Kann ich nur empfehlen !!!!


----------



## Dorsch1 (7. April 2003)

Schick doch Deinen Film mal an Pete.
Er kann ihn bearbeiten und ins Board stellen.
Wäre mal echt toll das zu sehen.


----------



## grünfüssler (7. April 2003)

*jooooooooo.....*

so muss das sein..........
big game ist einfach ein erlebniss.
und der preis mit 150$ geht im vergleich zu anderen charterwucherern voll in ordnung.
gruss...das marlingehörennichtindosenfussel


----------



## dirkbo (8. April 2003)

*Blue Marlin Dom.Rep.*

Mit dem Video fürs Anglerboard ist in Arbeit.
Tippe mal so auf nach Ostern. Muß vorher noch in den Urlaub fahren#h .
Und Bilder habe ich auch, noch muß ich noch einscannen.
Leider war ich 1998 noch nicht " digitalisiert "

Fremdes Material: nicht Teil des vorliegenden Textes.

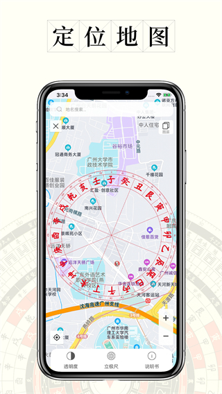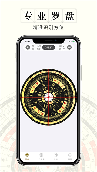 3、软件的具体操作也很简单,手动模式下单指即可转运罗盘;双击不同位置,放大/缩小罗盘;双指捏合缩放罗盘;双指拖动罗盘。

Gruß Dirk der Marlinschreck :g


----------



## wolle (8. April 2003)

na dann erst mal schönen urlaub,laß uns aber nicht zulange 
warten#h


----------



## wodibo (8. April 2003)

Big Game Berichte und Bildmaterial ist hier immer willkommen :z


----------



## dirkbo (9. April 2003)

*Blue Marlin Dom. Rep.*

Hallo kann mir denn jemand sagen wer " normale " Videos digitalisiert um sie hier im AB zur Verfügung zu stellen?
Habe ja noch nicht mal nen Rechner zu hause ... sitze hier auf der Arbeit und schlage mein Zeit im Internet tot ... #u 


Gruss Dirk


----------



## Dorsch1 (9. April 2003)

@ dirkbo

Wende dich da an Pete.


----------



## dirkbo (10. April 2003)

*Blue Marlin*

@ Dorsch 1
 :z  Habe ich getan. Ich denke Ihr könnt mitte Mai mit dem Video rechnen ... iss echt ein Hammer !!!


----------



## Dorsch1 (10. April 2003)

@ dirkbo

Na da bin ich schon echt gespannt drauf.


----------



## Matthias Bons (29. Mai 2003)

hAI, 

mitte mAI

ist vorbAI

 wo ist das video ???

oder ist es schon irgendwo und ich depp habs noch nich gefunden?

&nbsp;

MfG

Matthias


----------



## Deichkind (30. Mai 2003)

@dirkbo

moin, moin erstmal!
normaler weise, wie auch jetzt hier in den antworten zu lesen, folgen mails wie: tolle bilder, guter bericht…
in diesem fall hebe ich mich aber mal von den antworten etwas ab denn ich finde big game buchstäblich zum kotzen. 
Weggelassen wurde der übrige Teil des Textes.